# Does anyone else hate the day before Thanksgiving?



## sprucegum (Nov 22, 2017)

At my house here are the rules
1. Get up early and make your own breakfast or go without.
2. Don't sit in any of the chairs or walk on any of the floors after noon because you will get them dirty.
3. Expect to spend at least an hour putting the extra leaf in the table rearranging furniture and dragging extra chairs out of the basement.
4. Don't even think about opening the refrigerator door because everything in there is for thanksgiving dinner.
5. Lunch is tomorrow not today stay to heck out of the kitchen.
6. The only thing available for dinner tonight is a PB&J sandwich or crackers and milk.

My plans for today had breakfast at 6 AM, do the table and chair thing then go to the woodlot to cut firewood till noon. At noon go to town and have the special at the dinner, then go to the pizza place and get a pizza to take home for dinner. Go bother friends till 3 pm, get in my deer blind till dark. Have cold pizza and beer and watch TV in the basement till bedtime.

Tomorrow the part that makes it all worth it happens, the family will arrive and eat about half of the food that was off limits yesterday. Grampa & Mimi will get hugs from the grandchildren and another one is in the books.

Reactions: Like 4 | Great Post 1 | Funny 4 | Way Cool 2 | Sincere 1


----------



## rocky1 (Nov 22, 2017)

Yeah it started around here 2 - 3 days ago with the grinding of Cranberries for relish for an hour or so. Turkey is somewhere down the road in a refrigerator thawing. Smoker needs to drug out the barn and cleaned up. And, we aren't doing Thanksgiving here! We're going to my folks house.

Reactions: Like 5


----------



## Schroedc (Nov 22, 2017)

We go elsewhere, used to do the holiday at home but a lot of our relatives don't travel so we have to go to them, this year also picking up my daughter to bring her home for the weekend from college.

Reactions: Like 4 | +Karma 1


----------



## Mike1950 (Nov 22, 2017)

Taking kathie out for breakfast. I cook breakfast 9 out of 10 days anyhow. Started Monday at costco. She started yesterday- 12 punkin pies crusts -and 4 apple ready to fill and cook today. Izzy and I peeled apples for apple sauce- sauce is done. cranberry sauce is done. Kathie made liquid gold as G-kids call it-caramel sauce for apple pie. Izzy and I will peel apples again today. Table will be set for 16 today and side table for 6 of the younger grandkids. It is actually a mellow day- calm before the storm. And I am celebrating- when I go to shop today it will be warm.....
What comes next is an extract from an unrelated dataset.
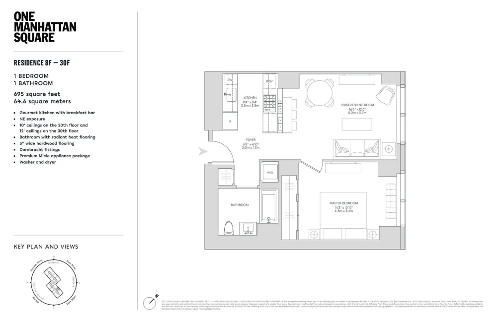 ONE MANHATTAN SQUARE OFFERS ONE OF THE LAST 20-YEAR TAX ABATEMENTS AVAILABLE IN NEW YORK CITY Residence 16F is a 695 square foot one bedroom, one bathroom with an open gourmet kitchen and breakfast bar. This spacious residence faces Northeast with East River and Williamsburg Bridge views. Warm, modern... See more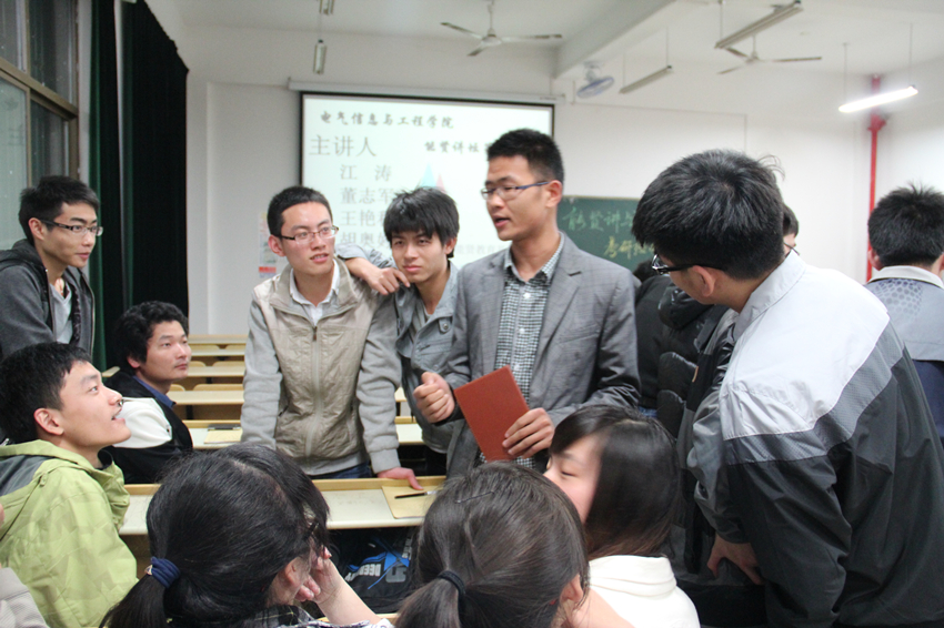 本次讲坛为招标课题,开讲之前一周,尚老师已提前联系了部分考研成功的学长和学姐,确定了电气专业江涛、董志军、王艳秋,电子专业胡奥亭,通信专业邵万心等五位主讲人,邀请他们为同专业的学弟学妹们进行专业学习和考研交流。

Reactions: Like 2 | Sincere 1


----------



## woodtickgreg (Nov 22, 2017)

I'm doing the cooking tomorrow, easy peasy.

Reactions: Like 1


----------



## Mike Mills (Nov 22, 2017)

rocky1 said:


> 2 - 3 days ago with the grinding of Cranberries for relish for an hour or so.



What????????
Grinding?????????
I like the slice from the bottom of the can with the imprint. Just looks so tasty.
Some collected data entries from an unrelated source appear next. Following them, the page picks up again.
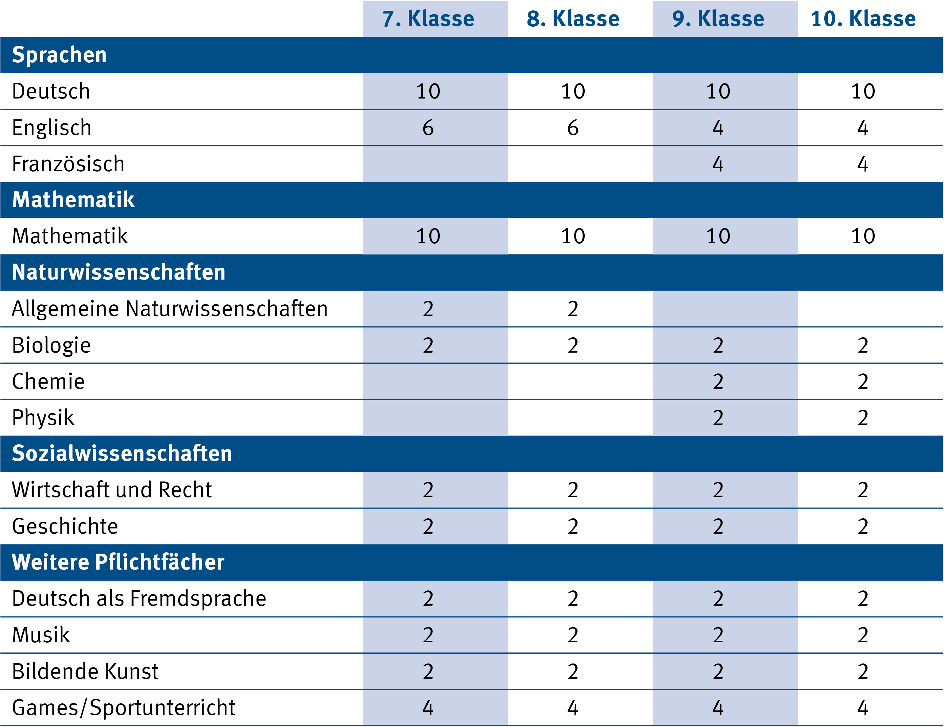 Pflichtfächer, die wöchentlich unterrichtet werden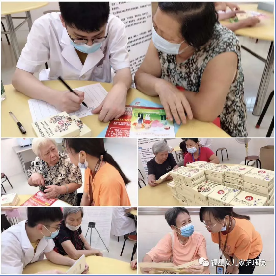 “福星医养集团东莞区域—东莞福星女儿家护理院与东莞家乐居养老服务中心于6月23号下午,在东莞市莞城街道市桥社区举办一场关于敬老、爱老、助老的义诊关怀活动,我院派出1名医生、2名护士、3名社工、1名康复师为社区长者提供了免费的义诊包括量血压、测体温、关怀慰问等服务。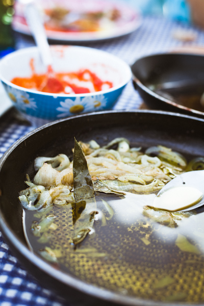 He grilled tuna and simmered it with olive oil, garlic, onion and bay leaf. On the side, a fresh chunky tomato, cucumber and onion salad and some boiled potatoes.
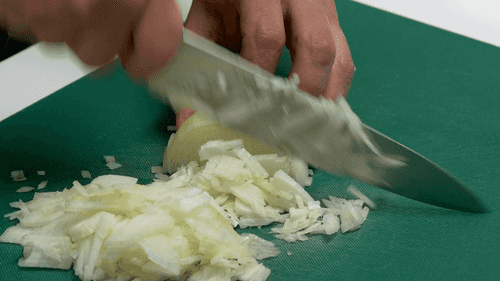 Лук очистить и нарезать мелкими кубиками.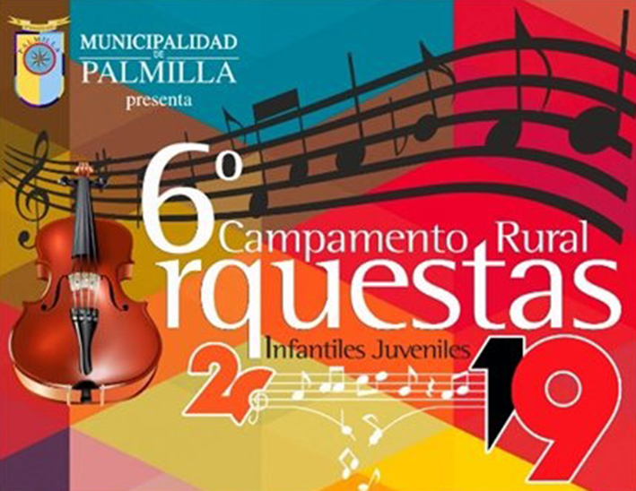 Como parte del programa cultural que impulsa la alcaldesa Gloria Paredes Valdés, los días 18, 19 y 20 de octubre se realizará el VI Campamento Rural de Orquestas Juveniles Palmilla 2019, que contará con la presencia de las orquestas sinfónicas de Palmilla, Providencia, Coltauco, San Vicente de TT, San Fernando, Chimbarongo y Teno.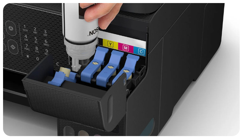 EcoTank to rozwiązanie stworzone z myślą o bezproblemowym drukowaniu zarówno w domu, jak i w małym biurze. System pojemników na atrament o dużej pojemności zapewnia długą, nieprzerwaną pracę oraz wyjątkową wygodę użytkowania. Uzupełnianie atramentu jest szybkie, czyste i intuicyjne — specjalnie zaprojektowane butelki z blokadą umożliwiają wlanie tuszu wyłącznie do właściwego pojemnika, eliminując ryzyko pomyłek i zabrudzeń. To inteligentne rozwiązanie, które gwarantuje komfort, oszczędność i pełną kontrolę nad drukowaniem.

Reactions: Like 1 | Agree 1 | Funny 3


----------



## DKMD (Nov 22, 2017)

We just crossed the Mississippi River on our way to my sisters house in Nashville. Threatening the children that we’re gonna leave them in Memphis if they don’t stop irritating each other(and thus irritating their parents).








Not sure about the actual meal tomorrow, but we’re rarely constrained by tradition... we are just as likely to have Indian food as turkey.

Reactions: Like 3 | Funny 3 | Way Cool 1


----------



## Sprung (Nov 22, 2017)

Pretty simple here. Being a pastor with worship services this weekend, we'll be staying here, as is normal for us and the holidays.

We have a worship service at church this evening. Tomorrow morning I'll go to one of the local nursing homes and have a worship service there - I have a service there every Thursday morning already, we are always here for Thanksgiving, and the folks there really appreciate it as otherwise it's a boring day for most of them. The home has no activities for them because it's a holiday, staffing is very light, and some of them sadly won't even get a visit from their family.

The rest of the day will be a day at home with my wife and boys. Won't say a quiet day at home - things are rarely quiet with two little boys in the house!

Saturday evening my parents will arrive from Michigan and visit for a few days. We'll celebrate our oldest's birthday, Thanksgiving, and Christmas with them while they're here.

Less than 48 hours after my parents leave, my in-laws arrive for the following weekend and we'll celebrate the same Birthday/Thanksgiving/Christmas with them.

Reactions: Like 1 | Way Cool 2


----------



## sprucegum (Nov 22, 2017)

DKMD said:


> We just crossed the Mississippi River on our way to my sisters house in Nashville. Threatening the children that we’re gonna leave them in Memphis if they don’t stop irritating each other(and thus irritating their parents).
> .



Probably too early in the season to play the lump of coal for Christmas card.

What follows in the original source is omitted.